Set down, please, exactly the lines below that run from the line with "On donne : UD1" to the line with "The new ACS", both lines included.

§ **Given data**
>>

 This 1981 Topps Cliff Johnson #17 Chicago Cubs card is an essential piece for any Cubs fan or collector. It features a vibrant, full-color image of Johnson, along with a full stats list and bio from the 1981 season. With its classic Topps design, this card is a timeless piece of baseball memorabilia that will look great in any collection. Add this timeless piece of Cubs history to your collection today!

<<
>>

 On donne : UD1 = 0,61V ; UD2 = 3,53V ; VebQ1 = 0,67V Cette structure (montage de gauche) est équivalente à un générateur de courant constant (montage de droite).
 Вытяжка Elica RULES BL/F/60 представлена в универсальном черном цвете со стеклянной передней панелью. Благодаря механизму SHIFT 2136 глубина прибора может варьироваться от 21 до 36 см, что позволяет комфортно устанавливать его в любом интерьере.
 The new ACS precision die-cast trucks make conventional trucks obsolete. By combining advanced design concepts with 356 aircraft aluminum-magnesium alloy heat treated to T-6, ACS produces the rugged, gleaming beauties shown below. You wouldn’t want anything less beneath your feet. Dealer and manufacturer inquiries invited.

<<

§ **Response area**
 On donne : UD1 = 0,61V ; UD2 = 3,53V ; VebQ1 = 0,67V Cette structure (montage de gauche) est équivalente à un générateur de courant constant (montage de droite).
 Вытяжка Elica RULES BL/F/60 представлена в универсальном черном цвете со стеклянной передней панелью. Благодаря механизму SHIFT 2136 глубина прибора может варьироваться от 21 до 36 см, что позволяет комфортно устанавливать его в любом интерьере.
 The new ACS precision die-cast trucks make conventional trucks obsolete. By combining advanced design concepts with 356 aircraft aluminum-magnesium alloy heat treated to T-6, ACS produces the rugged, gleaming beauties shown below. You wouldn’t want anything less beneath your feet. Dealer and manufacturer inquiries invited.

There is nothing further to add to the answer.